• _What the exercise asks_: Keep images out and repeat all data exactly.

── Records to process ──

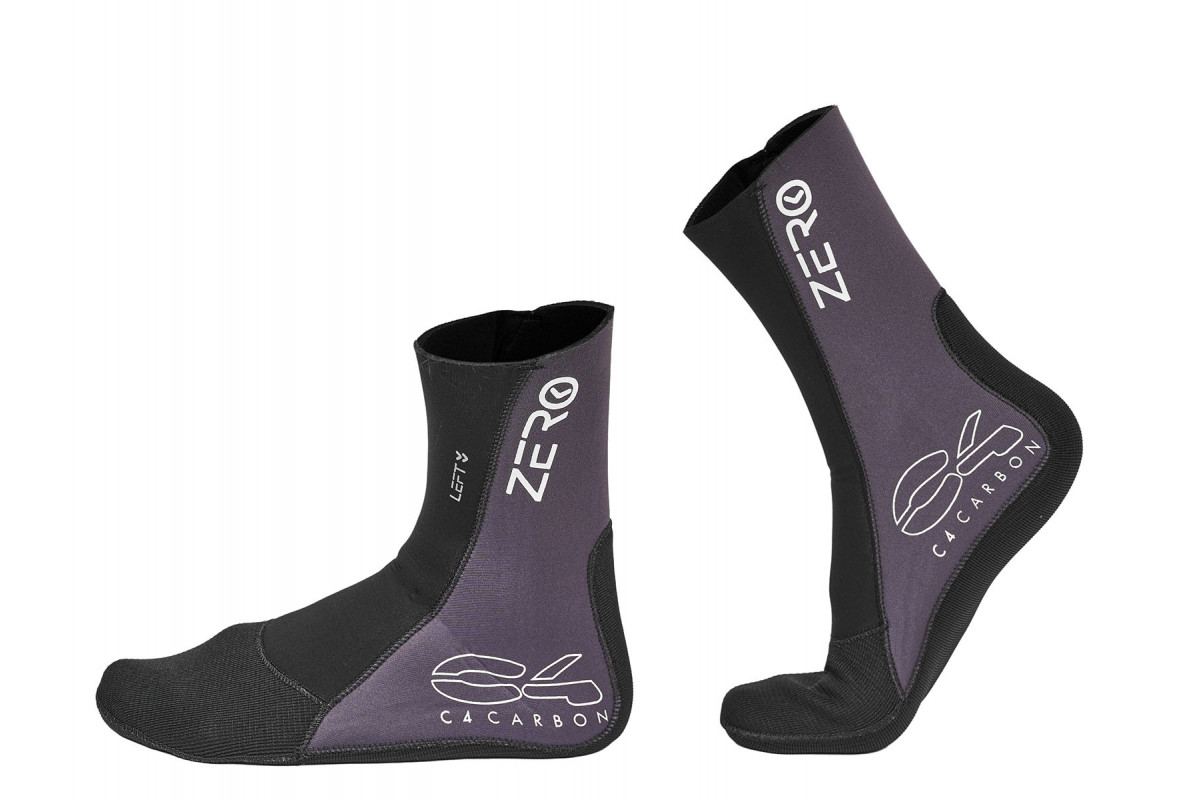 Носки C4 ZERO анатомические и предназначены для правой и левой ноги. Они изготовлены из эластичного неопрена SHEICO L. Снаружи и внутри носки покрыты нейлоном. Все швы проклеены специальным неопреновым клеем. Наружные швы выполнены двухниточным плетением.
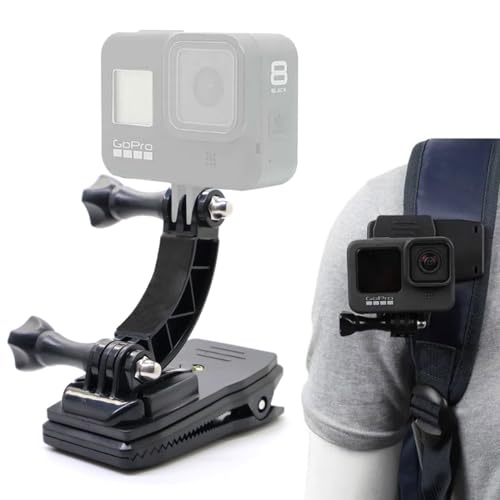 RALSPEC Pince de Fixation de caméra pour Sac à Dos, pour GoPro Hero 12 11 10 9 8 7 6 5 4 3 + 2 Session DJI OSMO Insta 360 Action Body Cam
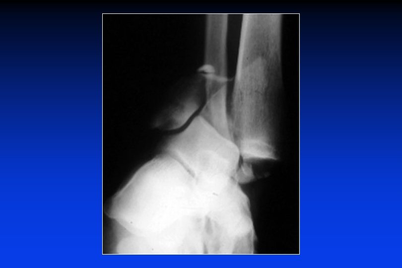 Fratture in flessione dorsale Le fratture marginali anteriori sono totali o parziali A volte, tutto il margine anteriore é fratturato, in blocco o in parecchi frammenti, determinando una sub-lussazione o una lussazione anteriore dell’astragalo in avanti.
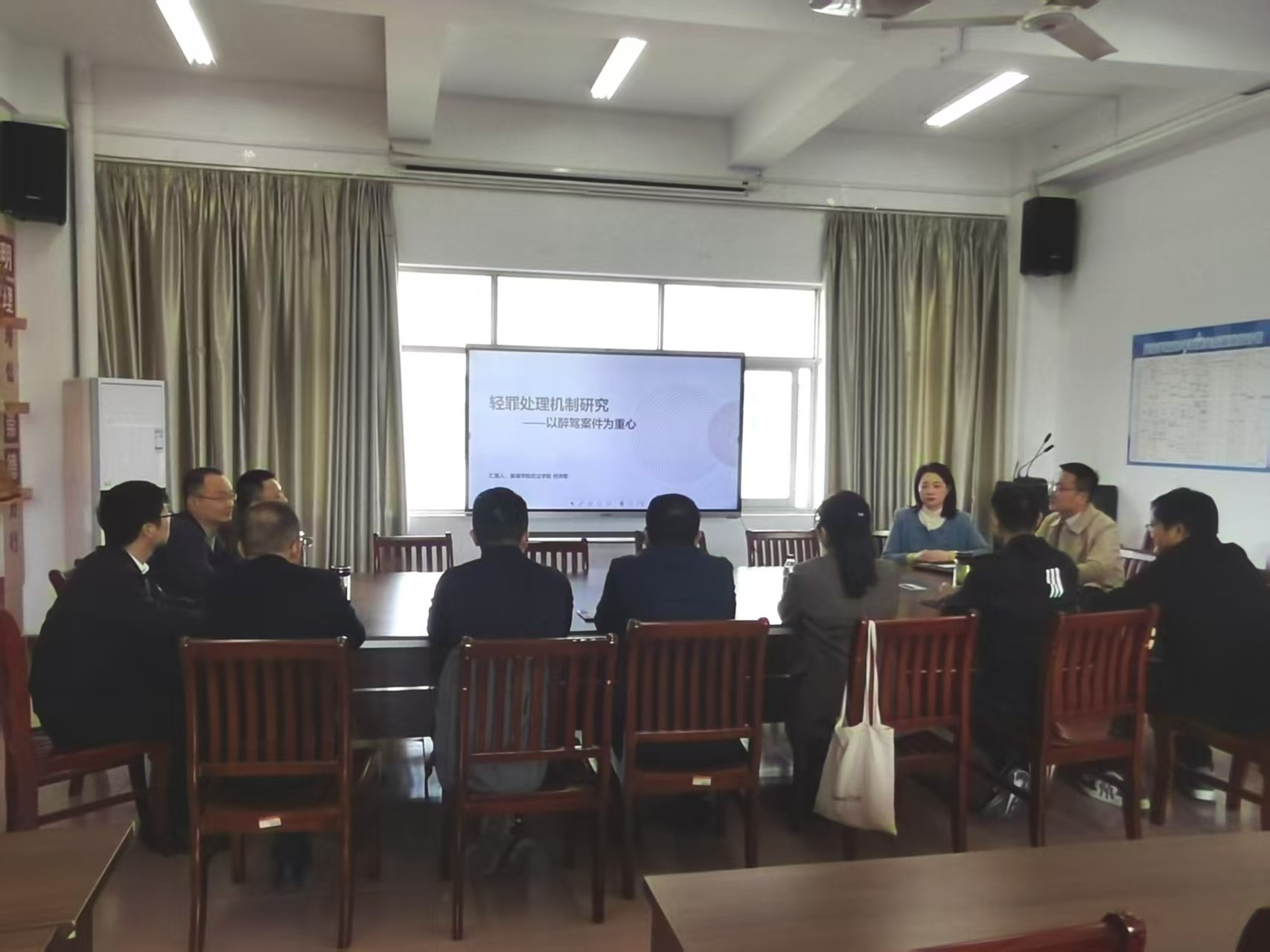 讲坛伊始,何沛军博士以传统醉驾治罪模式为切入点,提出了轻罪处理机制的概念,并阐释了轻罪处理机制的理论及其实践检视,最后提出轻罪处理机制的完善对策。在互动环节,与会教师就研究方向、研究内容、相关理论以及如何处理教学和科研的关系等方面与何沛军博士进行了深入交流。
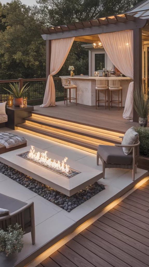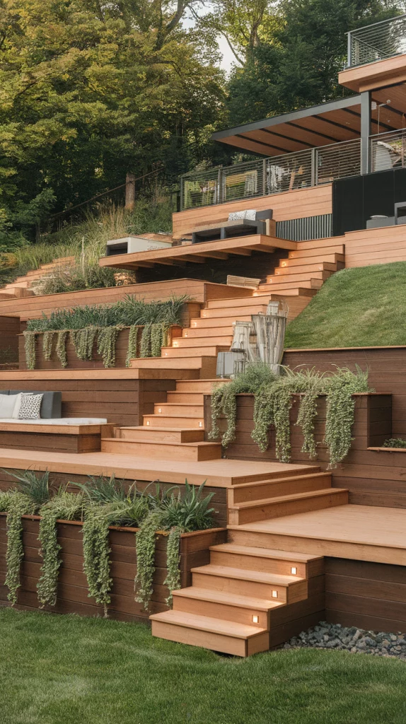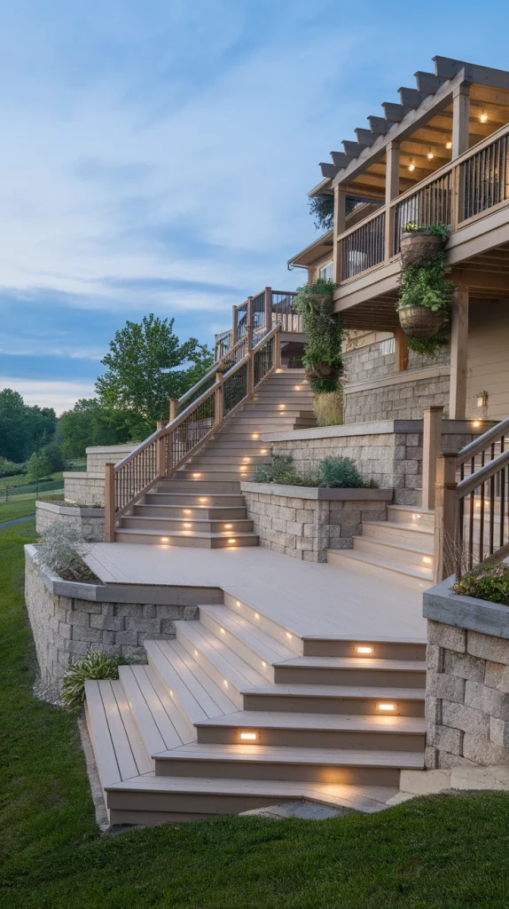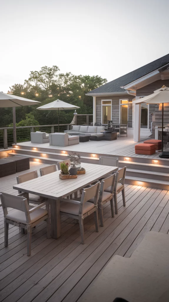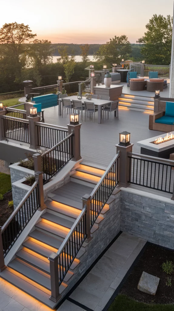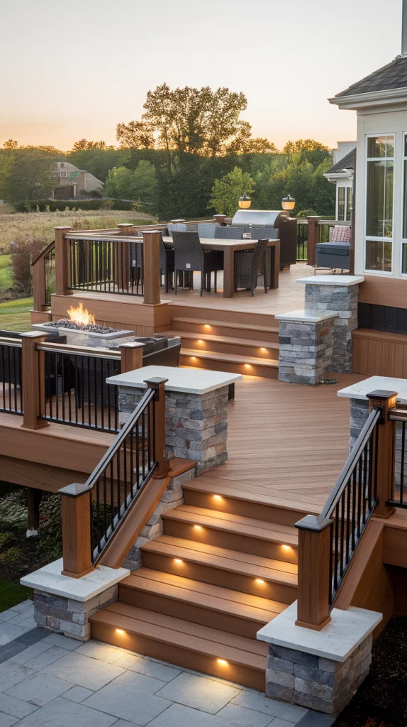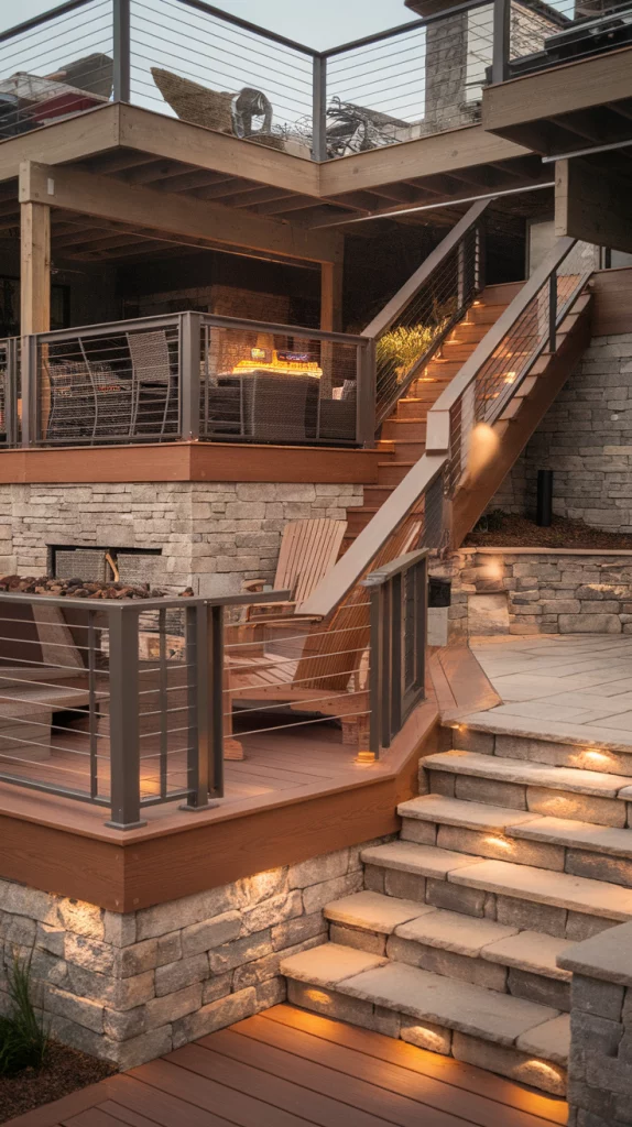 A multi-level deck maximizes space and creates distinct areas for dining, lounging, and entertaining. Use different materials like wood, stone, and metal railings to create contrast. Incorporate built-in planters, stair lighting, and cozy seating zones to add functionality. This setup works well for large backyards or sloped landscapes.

───

• _Exercise output_:
 Носки C4 ZERO анатомические и предназначены для правой и левой ноги. Они изготовлены из эластичного неопрена SHEICO L. Снаружи и внутри носки покрыты нейлоном. Все швы проклеены специальным неопреновым клеем. Наружные швы выполнены двухниточным плетением.
 RALSPEC Pince de Fixation de caméra pour Sac à Dos, pour GoPro Hero 12 11 10 9 8 7 6 5 4 3 + 2 Session DJI OSMO Insta 360 Action Body Cam
 Fratture in flessione dorsale Le fratture marginali anteriori sono totali o parziali A volte, tutto il margine anteriore é fratturato, in blocco o in parecchi frammenti, determinando una sub-lussazione o una lussazione anteriore dell’astragalo in avanti.
 讲坛伊始,何沛军博士以传统醉驾治罪模式为切入点,提出了轻罪处理机制的概念,并阐释了轻罪处理机制的理论及其实践检视,最后提出轻罪处理机制的完善对策。在互动环节,与会教师就研究方向、研究内容、相关理论以及如何处理教学和科研的关系等方面与何沛军博士进行了深入交流。
 A multi-level deck maximizes space and creates distinct areas for dining, lounging, and entertaining. Use different materials like wood, stone, and metal railings to create contrast. Incorporate built-in planters, stair lighting, and cozy seating zones to add functionality. This setup works well for large backyards or sloped landscapes.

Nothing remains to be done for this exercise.